她甚至冷靜地幫他叫了救護車,像一個路人處理一起普通的街頭糾紛。

這種徹頭徹尾的、將他排除在生命之外的漠然,比任何報復都更讓他痛不欲生。

他輸了。

一敗塗地。

而此刻,海邊的木屋裡,溫鷺平靜地坐在窗邊,看著外面恢復寧靜的沙灘和大海。

夕陽將海面染成一片瑰麗的金紅。

她端起那杯早已涼透的水,慢慢喝了一口。

眼神依舊平靜,只是在那平靜的最深處,掠過一絲極淡、極淡的,幾乎看不見的複雜情緒,隨即又消散於無形。

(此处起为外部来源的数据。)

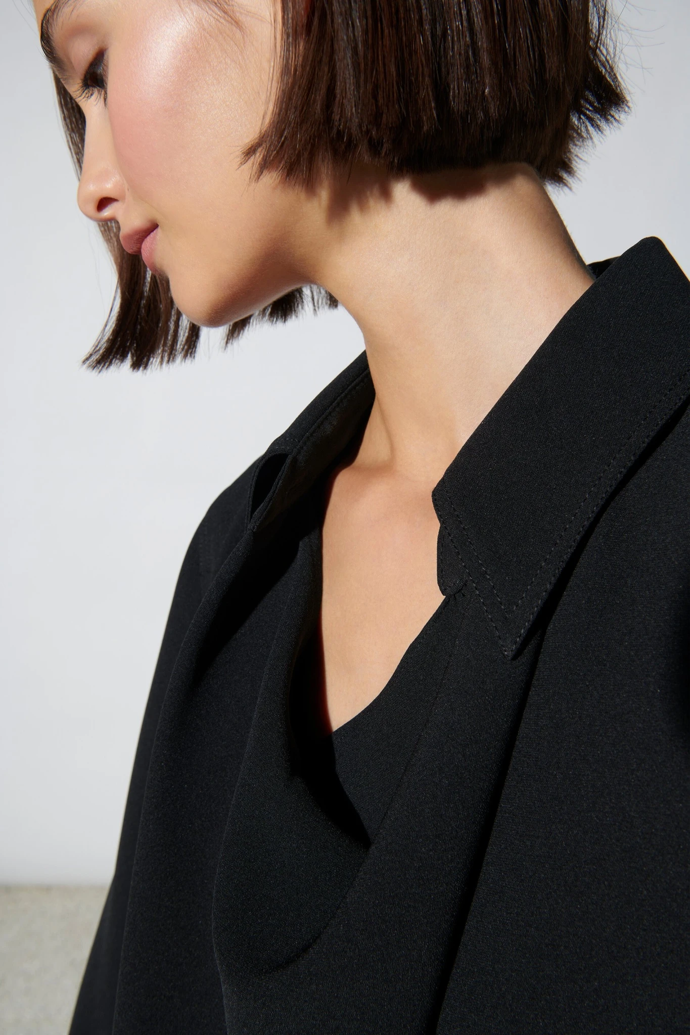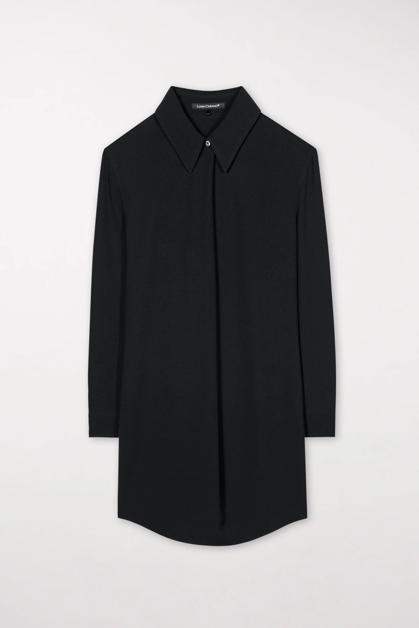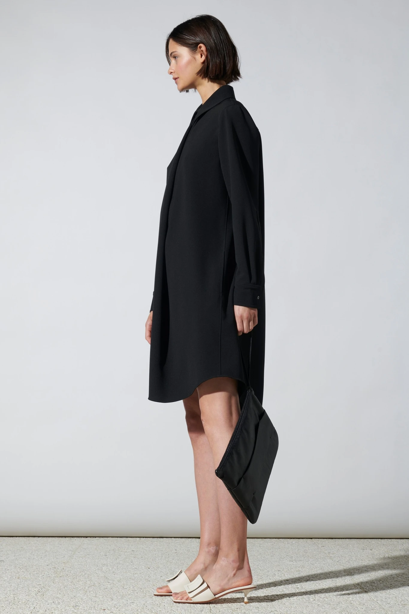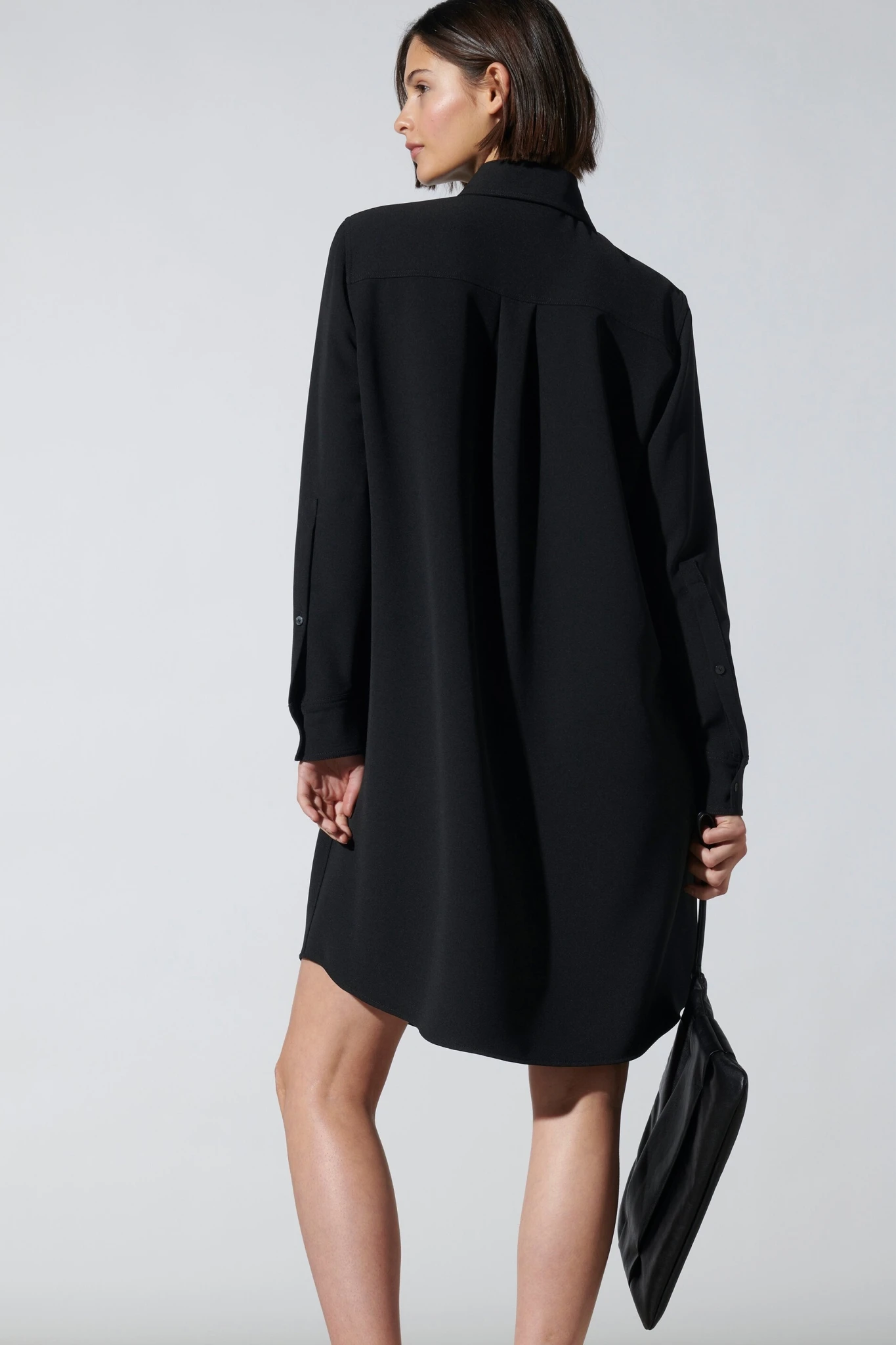 Knielanges Hemdblusenkleid aus fließender Techno-Crêpe-Seide mit langen, hoch geschlitzten und knöpfbaren Ärmeln sowie einem runden Saumabschluss. Das Kleid besitzt zwei Seitentaschen und eine raffinierte Faltenlösung an der Knopfleiste.

她拿起書,繼續看了下去。彷彿剛才門外發生的一切,真的只是一場與她無關的鬧劇。

傅宴離帶著一身未愈的傷和滿心的狼狽,從那個熱帶小島鎩羽而歸。

南城的天空似乎都因此變得陰沉壓抑。

他像一頭受傷的困獸,將自己關在臨湖莊園裡,用高強度的工作麻痺自己,但收效甚微。

溫鷺那張平靜無波、看他如看陌生人的臉,時時在他眼前浮現,比任何噩夢都更令他窒息。

他無法接受這種徹底的失去,更無法忍受她在他看不見的地方,活得如此明媚燦爛。

一種近乎扭曲的佔有慾和掌控欲,在他心底瘋狂滋生。

既然溫和的、卑微的祈求換不回她,那麼,他就用他最擅長的方式——

商業手段,逼她回來。

第十九章

很快,下屬彙報上來一個訊息。一個名為“Aurora”的新興珠寶品牌,近半年在歐洲小眾市場異軍突起,以其大膽、自由、充滿生命力的設計風格吸引了一批忠實擁躉。

而品牌背後那位神秘的設計師,代號“Lark”,經多方查證,正是消失已久的溫鷺。

她竟然重拾了年少時的夢想。

傅宴離記得,很久以前,她曾興致勃勃地給他看過她的素描本,上面畫滿了各種天馬行空的珠寶設計稿。

當時他是怎麼說的?似乎是以傅家少奶奶不應拋頭露面為由,淡淡地評價了一句“不務正業”。

現在,她不僅做了,還做得風生水起。

那種掙脫一切束縛後綻放的才華,像一記響亮的耳光,扇在他的臉上。

妒火和一種被拋棄的憤怒灼燒著他的理智。

他冷冷地下達指令:動用傅氏集團的一切資源和影響力,全面打壓“Aurora”品牌。

切斷其原材料供應鏈,施壓其合作方,甚至不惜代價搶奪其看好的設計師和客戶資源。